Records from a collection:
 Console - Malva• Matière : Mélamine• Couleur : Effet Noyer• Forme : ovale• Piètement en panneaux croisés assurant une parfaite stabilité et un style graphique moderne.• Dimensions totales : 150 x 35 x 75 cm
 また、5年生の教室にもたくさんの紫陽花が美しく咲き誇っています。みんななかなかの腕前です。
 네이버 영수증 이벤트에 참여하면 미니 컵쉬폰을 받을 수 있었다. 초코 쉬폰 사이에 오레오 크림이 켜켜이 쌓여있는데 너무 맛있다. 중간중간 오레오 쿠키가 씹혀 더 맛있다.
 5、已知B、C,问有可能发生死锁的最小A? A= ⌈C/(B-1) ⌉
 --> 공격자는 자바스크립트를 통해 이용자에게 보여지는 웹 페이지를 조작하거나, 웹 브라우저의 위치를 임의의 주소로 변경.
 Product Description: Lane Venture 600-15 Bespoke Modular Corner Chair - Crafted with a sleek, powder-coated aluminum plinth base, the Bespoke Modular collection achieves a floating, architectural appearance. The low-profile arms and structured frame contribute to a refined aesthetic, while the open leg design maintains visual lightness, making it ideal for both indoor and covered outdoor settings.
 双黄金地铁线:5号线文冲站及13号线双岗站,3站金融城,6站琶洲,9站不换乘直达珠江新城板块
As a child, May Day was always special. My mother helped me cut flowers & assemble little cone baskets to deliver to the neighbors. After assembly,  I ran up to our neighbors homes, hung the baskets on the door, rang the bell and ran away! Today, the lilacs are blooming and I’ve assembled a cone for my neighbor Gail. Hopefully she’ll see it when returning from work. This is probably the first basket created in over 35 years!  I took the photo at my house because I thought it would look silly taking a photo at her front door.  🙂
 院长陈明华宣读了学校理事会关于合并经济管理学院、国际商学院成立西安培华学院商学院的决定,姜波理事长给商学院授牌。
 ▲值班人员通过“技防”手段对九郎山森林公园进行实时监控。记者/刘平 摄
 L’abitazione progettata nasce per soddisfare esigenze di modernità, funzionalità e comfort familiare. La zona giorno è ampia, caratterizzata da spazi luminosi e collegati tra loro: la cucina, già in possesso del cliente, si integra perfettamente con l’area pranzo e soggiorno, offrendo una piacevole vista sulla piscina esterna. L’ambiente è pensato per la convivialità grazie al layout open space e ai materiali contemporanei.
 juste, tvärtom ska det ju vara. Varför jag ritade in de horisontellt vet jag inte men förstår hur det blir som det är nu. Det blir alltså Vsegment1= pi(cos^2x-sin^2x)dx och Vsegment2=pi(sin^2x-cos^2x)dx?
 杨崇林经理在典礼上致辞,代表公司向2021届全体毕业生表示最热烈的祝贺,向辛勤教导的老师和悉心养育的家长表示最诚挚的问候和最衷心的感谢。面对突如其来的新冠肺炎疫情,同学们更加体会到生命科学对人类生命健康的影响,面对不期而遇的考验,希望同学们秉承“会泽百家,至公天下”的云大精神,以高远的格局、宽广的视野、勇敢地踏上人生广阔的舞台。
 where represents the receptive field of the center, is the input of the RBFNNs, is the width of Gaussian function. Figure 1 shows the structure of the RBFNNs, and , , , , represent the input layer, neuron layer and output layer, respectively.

WHAT YOU NEED TO DO: Your task is to restate, word for word, the lines from the beginning of the records to the line with "双黄金地铁线:5号线文冲站及", inclusive.

OUTPUT:
 Console - Malva• Matière : Mélamine• Couleur : Effet Noyer• Forme : ovale• Piètement en panneaux croisés assurant une parfaite stabilité et un style graphique moderne.• Dimensions totales : 150 x 35 x 75 cm
 また、5年生の教室にもたくさんの紫陽花が美しく咲き誇っています。みんななかなかの腕前です。
 네이버 영수증 이벤트에 참여하면 미니 컵쉬폰을 받을 수 있었다. 초코 쉬폰 사이에 오레오 크림이 켜켜이 쌓여있는데 너무 맛있다. 중간중간 오레오 쿠키가 씹혀 더 맛있다.
 5、已知B、C,问有可能发生死锁的最小A? A= ⌈C/(B-1) ⌉
 --> 공격자는 자바스크립트를 통해 이용자에게 보여지는 웹 페이지를 조작하거나, 웹 브라우저의 위치를 임의의 주소로 변경.
 Product Description: Lane Venture 600-15 Bespoke Modular Corner Chair - Crafted with a sleek, powder-coated aluminum plinth base, the Bespoke Modular collection achieves a floating, architectural appearance. The low-profile arms and structured frame contribute to a refined aesthetic, while the open leg design maintains visual lightness, making it ideal for both indoor and covered outdoor settings.
 双黄金地铁线:5号线文冲站及13号线双岗站,3站金融城,6站琶洲,9站不换乘直达珠江新城板块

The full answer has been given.